» **SUPPLIED RECORDS**
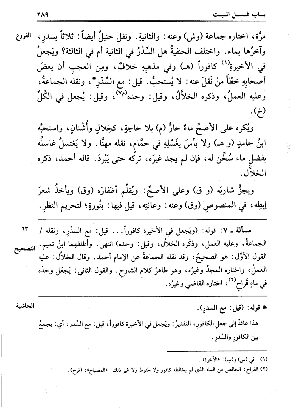 ـــــــــــــــــــــــــــــQمَسْأَلَةٌ - 7: قَوْلُهُ وَيَجْعَلُ فِي الْأَخِيرَةِ كَافُورًا قِيلَ: مَعَ السِّدْرِ، وَنَقَلَهُ الْجَمَاعَةُ، وَعَلَيْهِ الْعَمَلُ، وَذَكَرَهُ الْخَلَّالُ، وَقِيلَ: وَحْدَهُ، انْتَهَى. وَأَطْلَقَهُمَا ابْنُ تَمِيمٍ، الْقَوْلُ الْأَوَّلُ هُوَ الصَّحِيحُ، وَقَدْ نَقَلَهُ الْجَمَاعَةُ عَنْ الْإِمَامِ أَحْمَدَ. وَقَالَ الْخَلَّالُ: عَلَيْهِ الْعَمَلُ، وَاخْتَارَهُ الْمَجْدُ وَغَيْرُهُ، وَهُوَ ظَاهِرُ كَلَامِ الشَّارِحِ، وَالْقَوْلُ الثَّانِي: يُجْعَلُ وَحْدَهُ فِي مَاءٍ قَرَاحٍ2، اختاره القاضي وغيره.
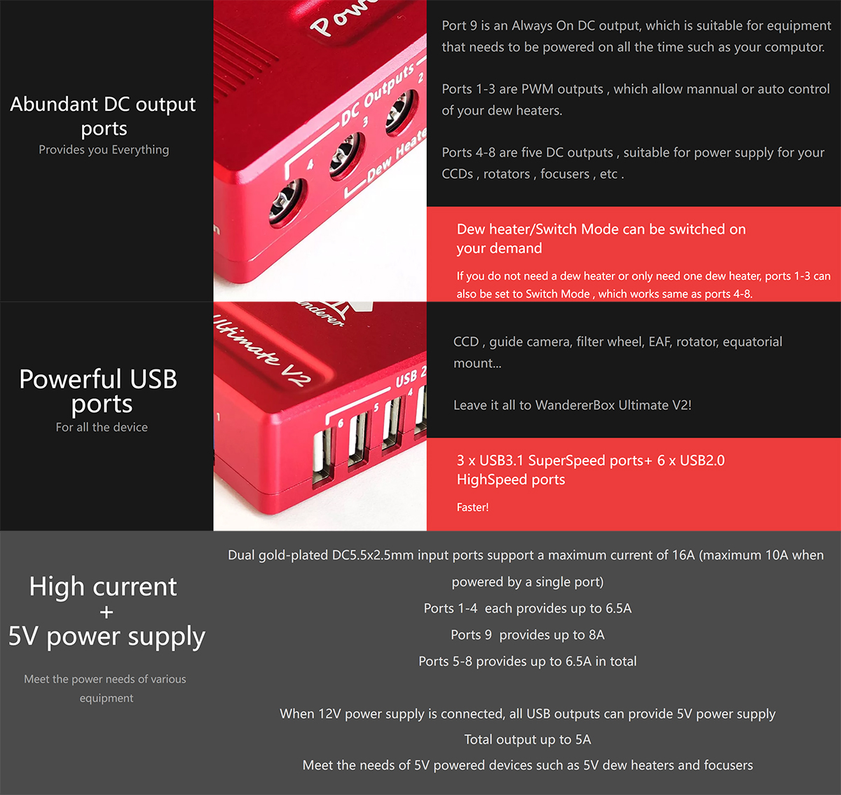 Wanderer Box Ultimate V2 Power Management Box USB3.0 Hub for Professional Astrophotography
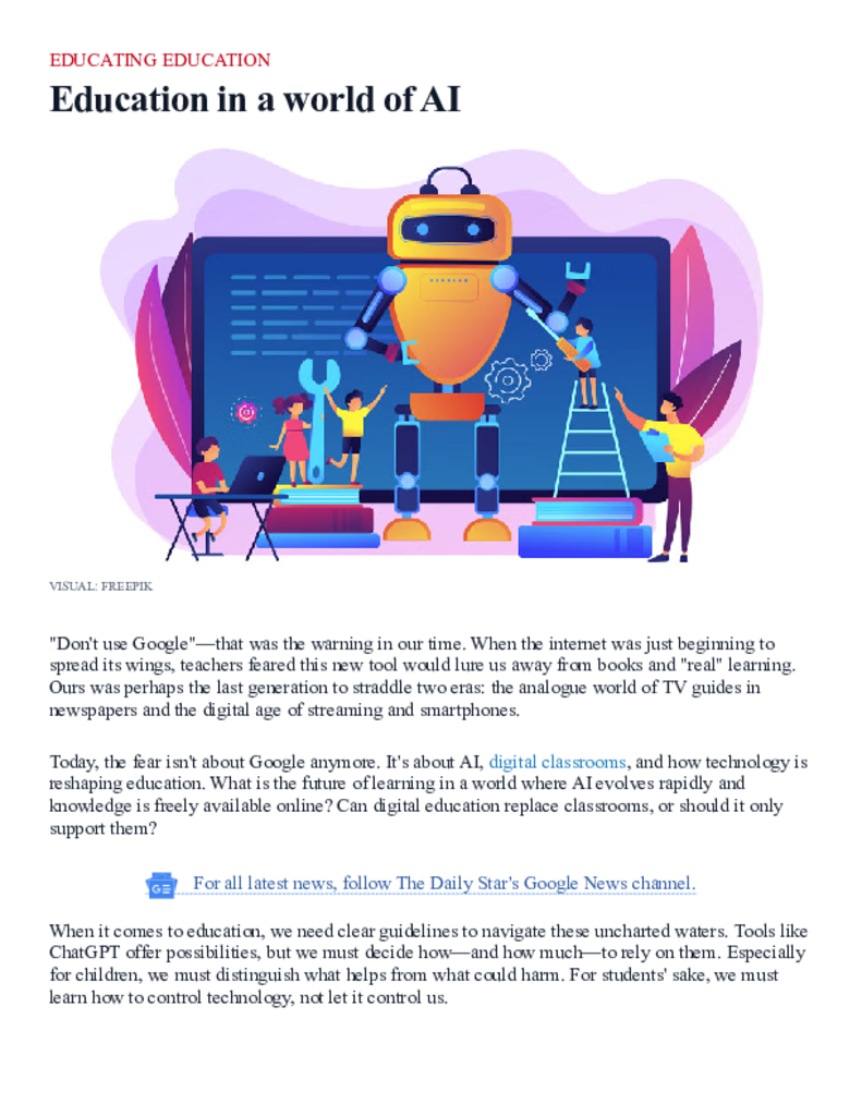 Impact Of AI On Education _ Education in a world of AI.pdf Published on 23 May 2025 Newspaper The Daily Star Category Personal Opinion / Discussion / Commentary Download
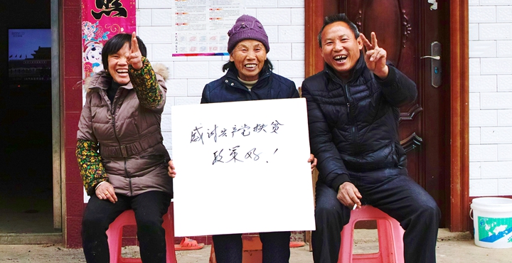 1月1日,零陵区石山脚乡光明村,脱贫户对摄影师摆出胜利的手势。当天,永州市摄影家协会开展“脱贫感恩谁”摄影服务下乡活动,给脱贫户拍全家福,村民写下了发自内心的感恩话语,摄影师用影像记录了脱贫村民的变化。光明村是该区的一个典型贫困村,2017年,全村达到整体脱贫标准,70多户村民全部摘掉了贫困的帽子。 张建利 冯超 摄影报道
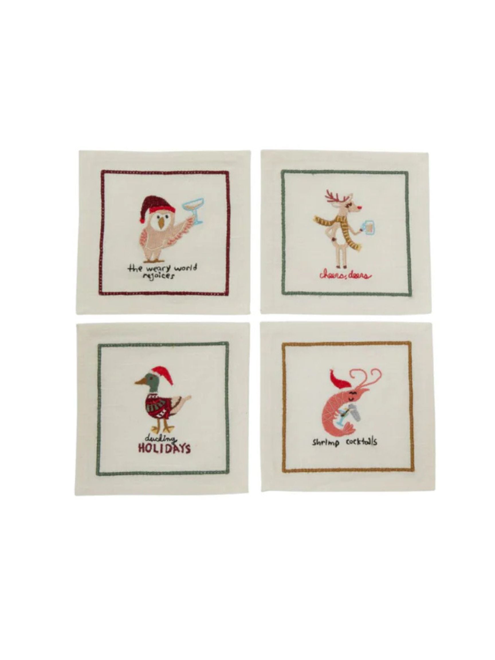 Celebrate the holidays with festive cheer and playful designs from the Tipsy Critter Cocktail Napkin Collection. Each slub cotton napkin features a unique critter in holiday attire, adding a touch of whimsy to your gatherings. Choose from a mallard duck with the punny phrase "ducking holidays," a pink shrimp with "shrimp cocktails," a red-nosed deer with "cheers, deers," or an owl with "the weary world rejoices." Each napkin is bordered with a coordinating chainstitch and pairs perfectly with cocktails, mocktails, and good company. Collect all four styles to complete your holiday tabletop.
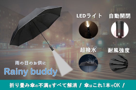 折り畳み傘の不満をすべて解消!軽量・超撥水・自動開閉・強風耐性。さらに夜も安心に使えるLEDライト付き。長傘いらず。傘はこれ1本でOK!面倒な折り畳みもワンプッ...
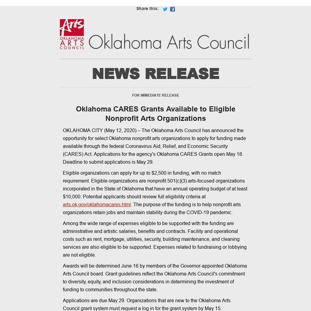 OKLAHOMA CITY (May 12, 2020) – The Oklahoma Arts Council has announced the opportunity for select Oklahoma nonprofit arts organizations to apply for funding made available through the federal Coronavirus Aid, Relief, and Economic Security (CARES) Act. Applications for the agency's Oklahoma CARES Grants open May 18. Deadline to submit applications is May 29.
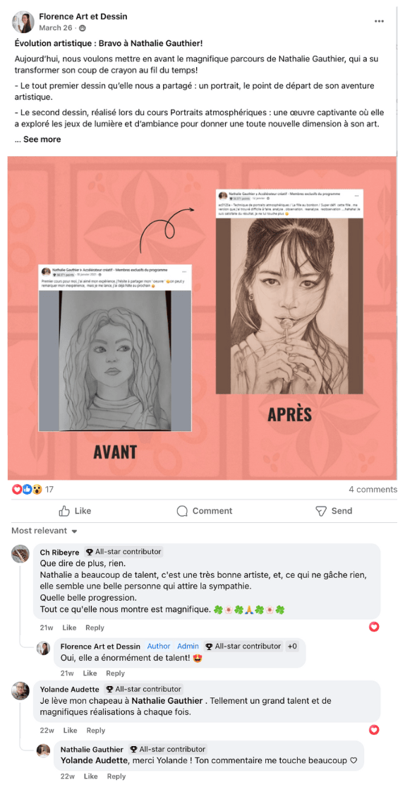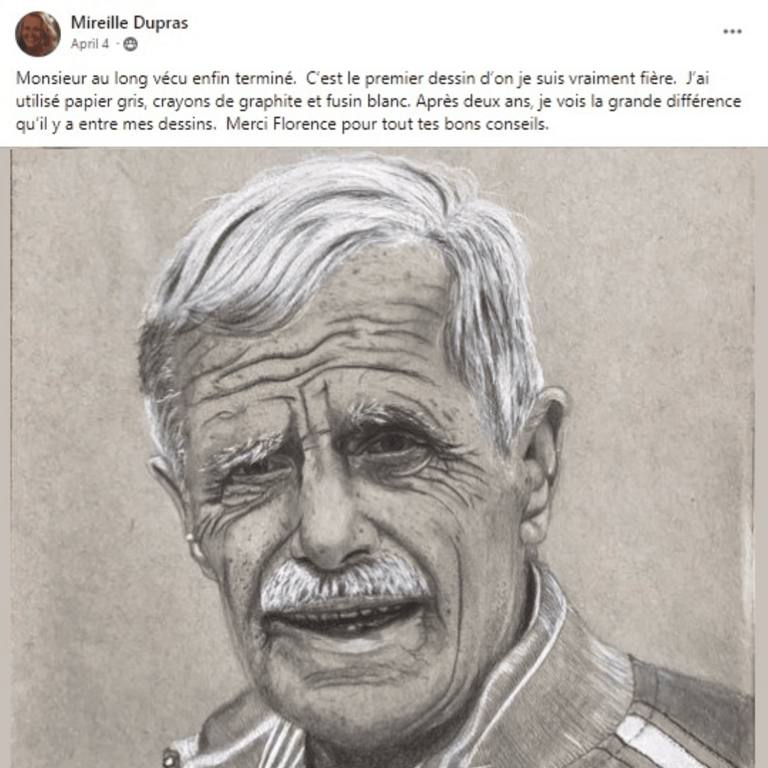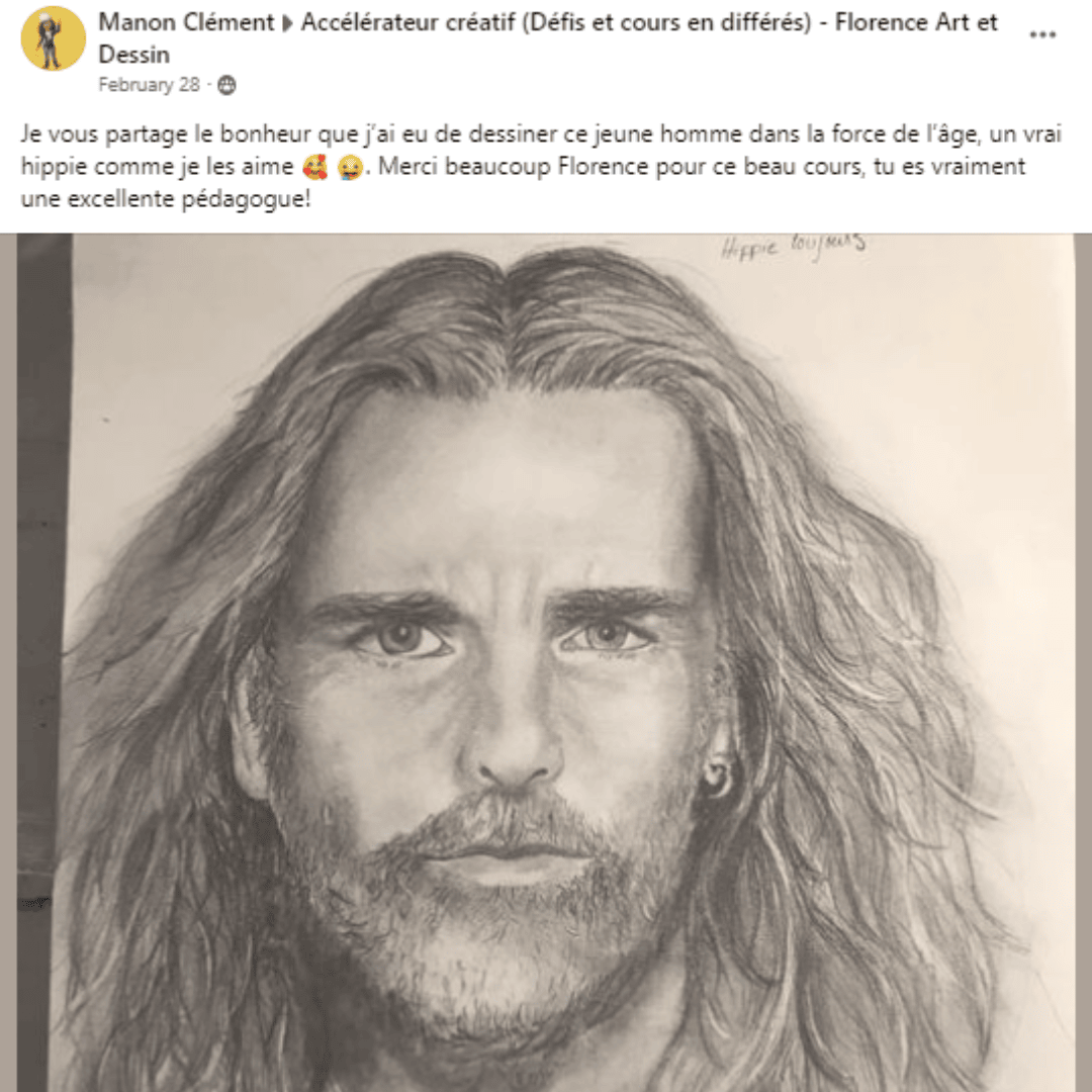 ⭐⭐⭐⭐⭐ 𝐂𝐎𝐔𝐏𝐎𝐍 𝐒𝐏𝐄𝐂𝐈𝐀𝐋 5𝟬% 𝗢𝗙𝗙 ( ̶𝗥̶𝗲̶𝗴̶.̶ ̶ ̶6̶5̶Є̶ 𝗦𝗲𝘂𝗹𝗲𝗺𝗲𝗻𝘁 32Є ): Ce cours est le complément idéal à ton programme : un projet de plus grande envergure à réaliser tranquillement tout au long des prochaines semaines, à ton rythme. Tu y apprendras à donner du volume et de la personnalité à tes portraits grâce aux jeux d’ombre et de lumière, et à ces petits détails qui font toute la différence. Guidée par Florence pendant 4h, tu construiras un visage expressif, apprendras à texturer la peau (oui, même les taches de rousseur!), à rendre la douceur des cheveux et à reproduire la matière d’un vêtement en tricot. Une occasion en or pour affiner ton sens de l’observation, gagner en précision, et surtout... faire évoluer ton style!
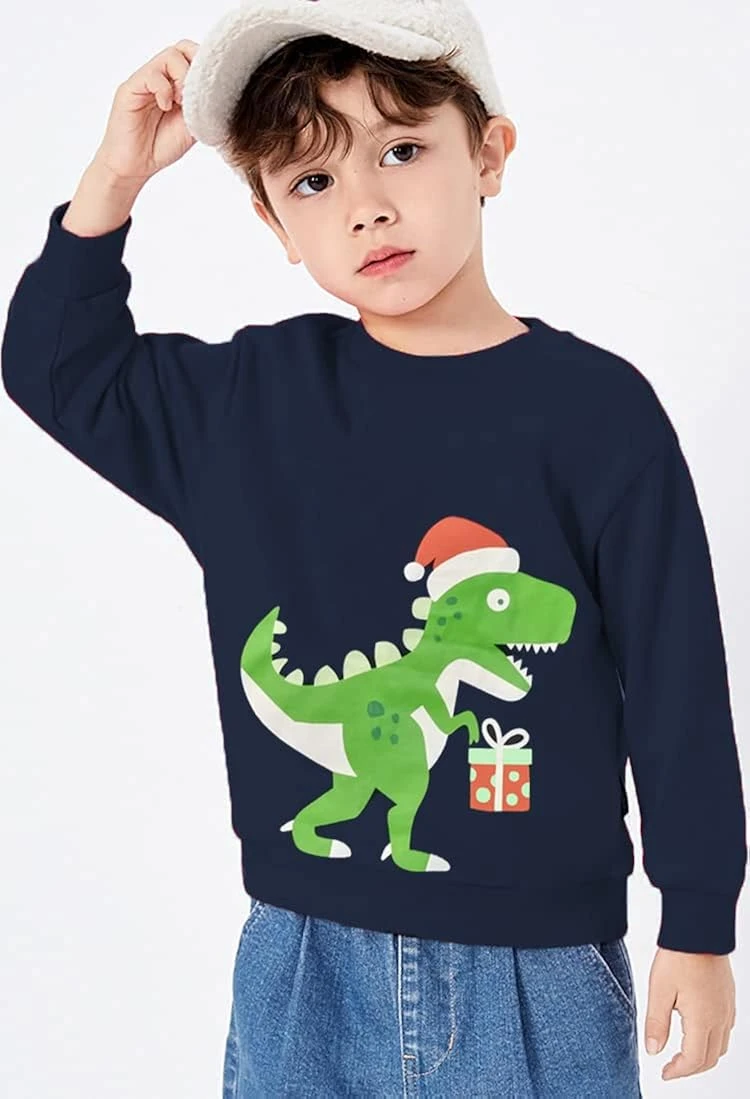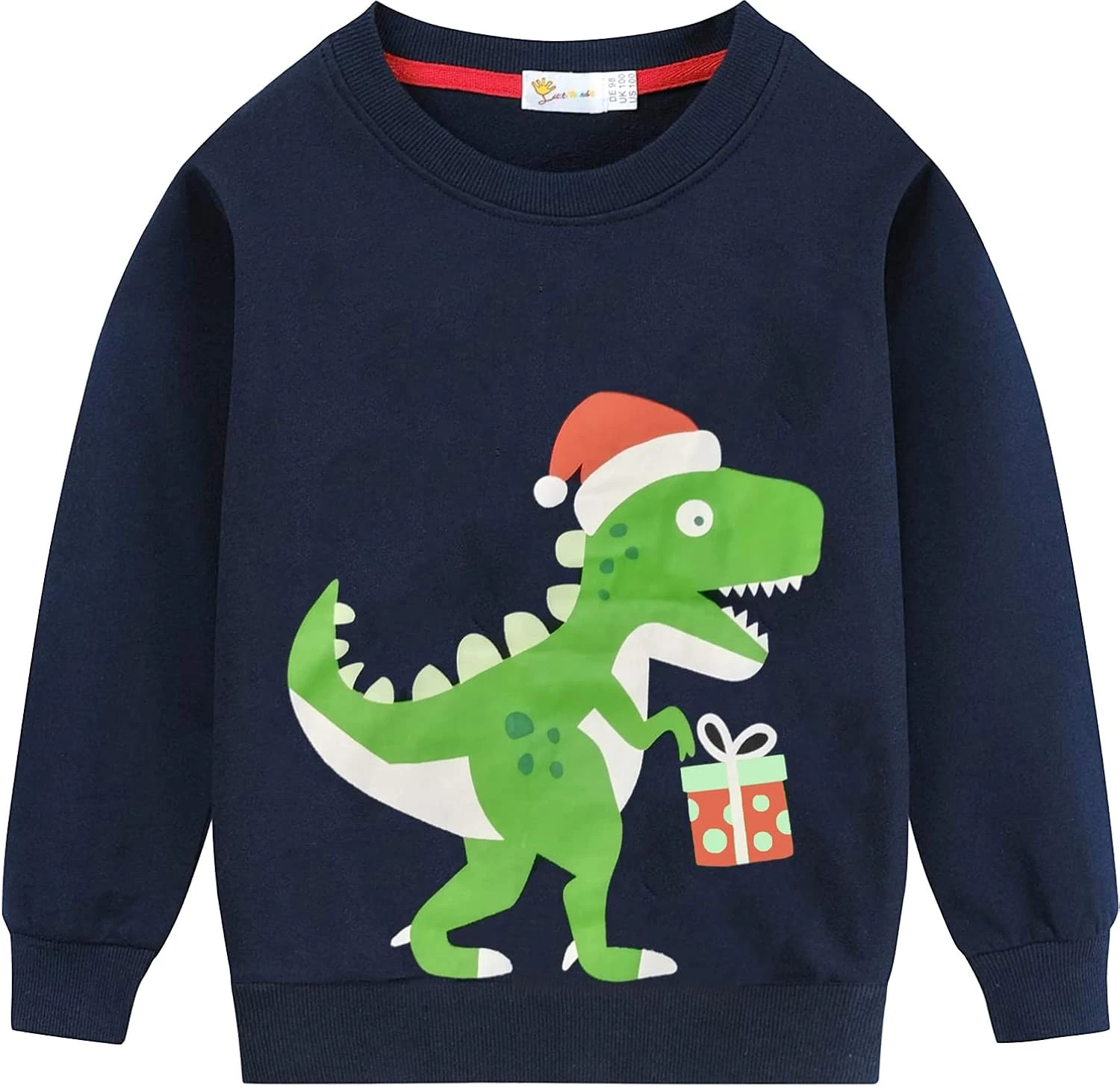 DDSOL Toddler Little Boy Girl Christmas Sweatshirt Kid Xmas Ugly Reindeer Santa Dinosaur Shirt Clothes Long Sleeve Tee Tops
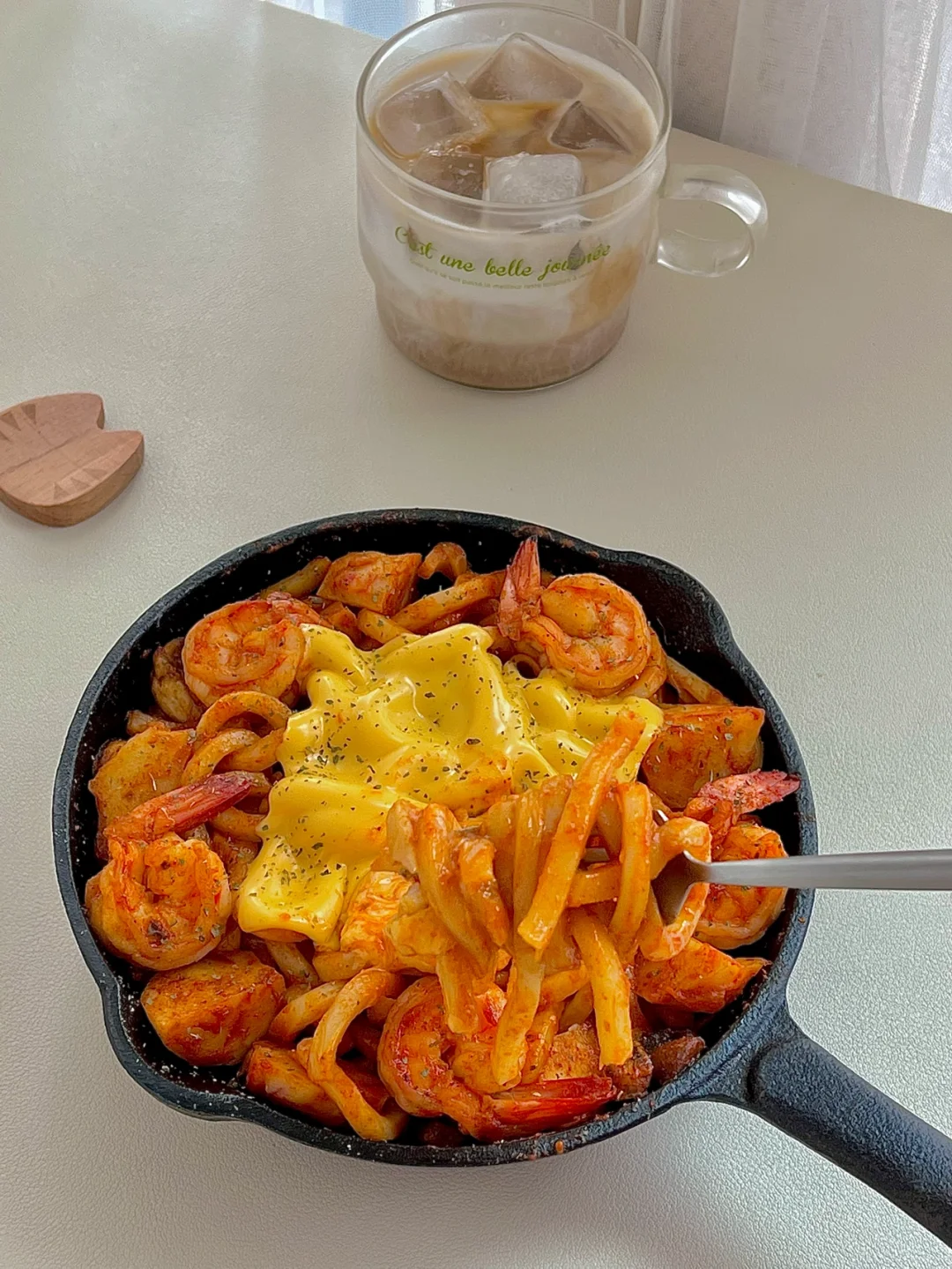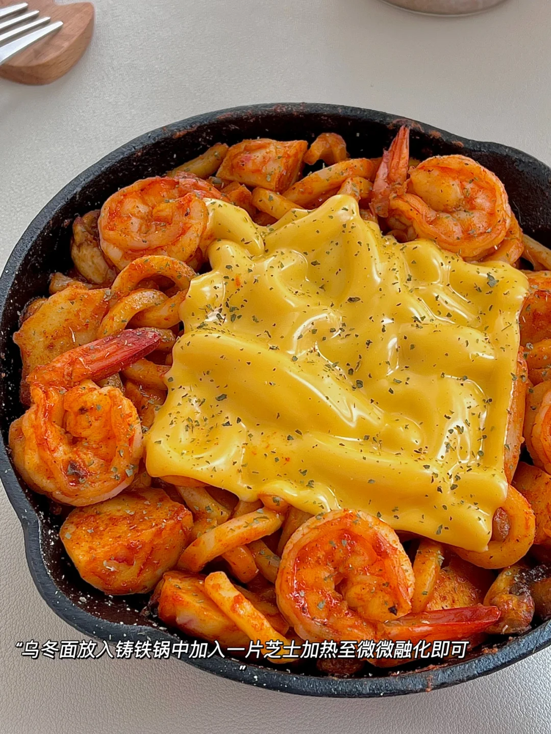 ☀️韩式虾仁芝士炒乌冬面|周末该有的早餐😋

» **YOUR GOAL**
Output everything in the records exactly, leaving pictures out.

» **EXPECTED OUTPUT**
 ـــــــــــــــــــــــــــــQمَسْأَلَةٌ - 7: قَوْلُهُ وَيَجْعَلُ فِي الْأَخِيرَةِ كَافُورًا قِيلَ: مَعَ السِّدْرِ، وَنَقَلَهُ الْجَمَاعَةُ، وَعَلَيْهِ الْعَمَلُ، وَذَكَرَهُ الْخَلَّالُ، وَقِيلَ: وَحْدَهُ، انْتَهَى. وَأَطْلَقَهُمَا ابْنُ تَمِيمٍ، الْقَوْلُ الْأَوَّلُ هُوَ الصَّحِيحُ، وَقَدْ نَقَلَهُ الْجَمَاعَةُ عَنْ الْإِمَامِ أَحْمَدَ. وَقَالَ الْخَلَّالُ: عَلَيْهِ الْعَمَلُ، وَاخْتَارَهُ الْمَجْدُ وَغَيْرُهُ، وَهُوَ ظَاهِرُ كَلَامِ الشَّارِحِ، وَالْقَوْلُ الثَّانِي: يُجْعَلُ وَحْدَهُ فِي مَاءٍ قَرَاحٍ2، اختاره القاضي وغيره.
 Wanderer Box Ultimate V2 Power Management Box USB3.0 Hub for Professional Astrophotography
 Impact Of AI On Education _ Education in a world of AI.pdf Published on 23 May 2025 Newspaper The Daily Star Category Personal Opinion / Discussion / Commentary Download
 1月1日,零陵区石山脚乡光明村,脱贫户对摄影师摆出胜利的手势。当天,永州市摄影家协会开展“脱贫感恩谁”摄影服务下乡活动,给脱贫户拍全家福,村民写下了发自内心的感恩话语,摄影师用影像记录了脱贫村民的变化。光明村是该区的一个典型贫困村,2017年,全村达到整体脱贫标准,70多户村民全部摘掉了贫困的帽子。 张建利 冯超 摄影报道
 Celebrate the holidays with festive cheer and playful designs from the Tipsy Critter Cocktail Napkin Collection. Each slub cotton napkin features a unique critter in holiday attire, adding a touch of whimsy to your gatherings. Choose from a mallard duck with the punny phrase "ducking holidays," a pink shrimp with "shrimp cocktails," a red-nosed deer with "cheers, deers," or an owl with "the weary world rejoices." Each napkin is bordered with a coordinating chainstitch and pairs perfectly with cocktails, mocktails, and good company. Collect all four styles to complete your holiday tabletop.
 折り畳み傘の不満をすべて解消!軽量・超撥水・自動開閉・強風耐性。さらに夜も安心に使えるLEDライト付き。長傘いらず。傘はこれ1本でOK!面倒な折り畳みもワンプッ...
 OKLAHOMA CITY (May 12, 2020) – The Oklahoma Arts Council has announced the opportunity for select Oklahoma nonprofit arts organizations to apply for funding made available through the federal Coronavirus Aid, Relief, and Economic Security (CARES) Act. Applications for the agency's Oklahoma CARES Grants open May 18. Deadline to submit applications is May 29.
 ⭐⭐⭐⭐⭐ 𝐂𝐎𝐔𝐏𝐎𝐍 𝐒𝐏𝐄𝐂𝐈𝐀𝐋 5𝟬% 𝗢𝗙𝗙 ( ̶𝗥̶𝗲̶𝗴̶.̶ ̶ ̶6̶5̶Є̶ 𝗦𝗲𝘂𝗹𝗲𝗺𝗲𝗻𝘁 32Є ): Ce cours est le complément idéal à ton programme : un projet de plus grande envergure à réaliser tranquillement tout au long des prochaines semaines, à ton rythme. Tu y apprendras à donner du volume et de la personnalité à tes portraits grâce aux jeux d’ombre et de lumière, et à ces petits détails qui font toute la différence. Guidée par Florence pendant 4h, tu construiras un visage expressif, apprendras à texturer la peau (oui, même les taches de rousseur!), à rendre la douceur des cheveux et à reproduire la matière d’un vêtement en tricot. Une occasion en or pour affiner ton sens de l’observation, gagner en précision, et surtout... faire évoluer ton style!
 DDSOL Toddler Little Boy Girl Christmas Sweatshirt Kid Xmas Ugly Reindeer Santa Dinosaur Shirt Clothes Long Sleeve Tee Tops
 ☀️韩式虾仁芝士炒乌冬面|周末该有的早餐😋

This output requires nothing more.